JULY 28 – 30 2023
Madison, US
Computational Photography

ICCP 2023

International Conference on Computational Photography 2023 (ICCP)

The International Conference on Computational Photography is the premier venue for research works broadly on computational photography. Computational photography is a vibrant area at the intersection of optics, imaging, sensors, signal processing, computer vision, and computer graphics. It seeks to create new photographic and imaging functionalities and experiences that go beyond the possibilities of exclusive, disparate camera and image processing technologies. This cross-disciplinary field further seeks a better understanding of imaging models, perception, and limits, through holistic analysis.
We look forward to this year's exciting sponsorship and exhibition opportunities, featuring a variety of ways to connect with participants in person. Sony will exhibit and participate as a Platinum sponsor.

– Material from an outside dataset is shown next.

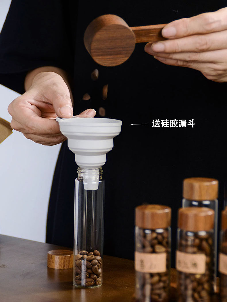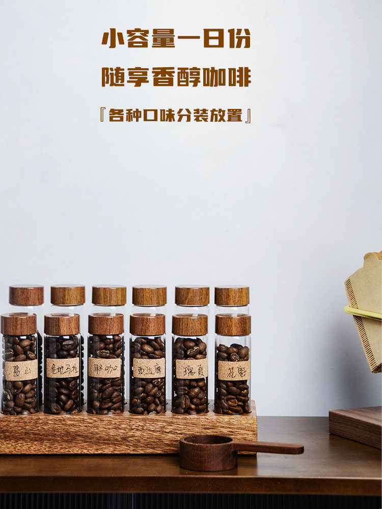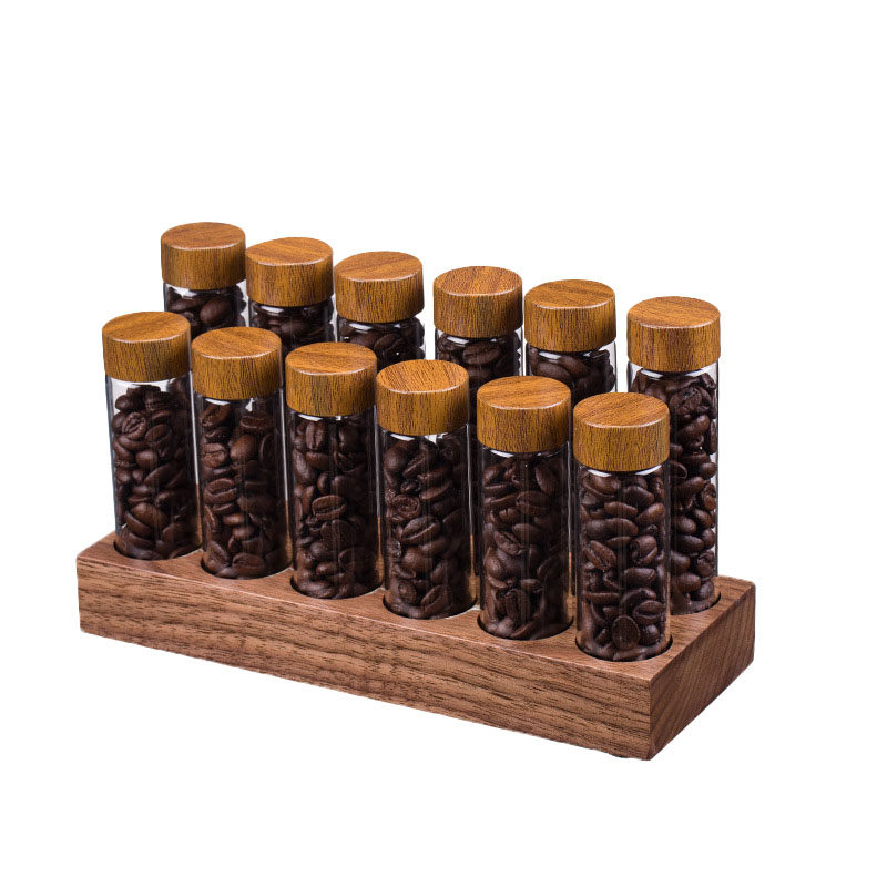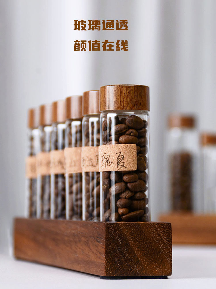 📚 咖啡豆储存罐试管玻璃分装瓶胡桃木展示架咖啡粉闻香瓶迷你密封罐
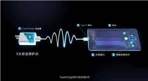 SuperCharge最大輸出功率可達(dá)25W。對于一款配備4000mAh電池的華為手機(jī)也只需30分鐘就可充滿58%,華為SuperCharge超級快充技術(shù)提供15層安全防護(hù),分別在SuperCharge充電器、Type-C接口、智能充電芯片、分流閘門、電池構(gòu)成維護(hù)節(jié)點(diǎn)。每個(gè)維護(hù)點(diǎn)又有三層防護(hù)網(wǎng)(安全電壓防護(hù)網(wǎng)、安全電流維護(hù)網(wǎng)、溫度監(jiān)控維護(hù)網(wǎng)),合計(jì)15層安全維護(hù)機(jī)制,以此來實(shí)現(xiàn)進(jìn)一步提升用戶對快充安全的用機(jī)體驗(yàn)。

Recruiting information for ICCP-2023

We look forward to working with highly motivated individuals to fill the world with emotion and to pioneer future innovation through dreams and curiosity. With us, you will be welcomed onto diverse, innovative, and creative teams set out to inspire the world.

At this time, the full-time and internship roles previously listed on this page are closed.

As such, please see all our other open positions through the links below.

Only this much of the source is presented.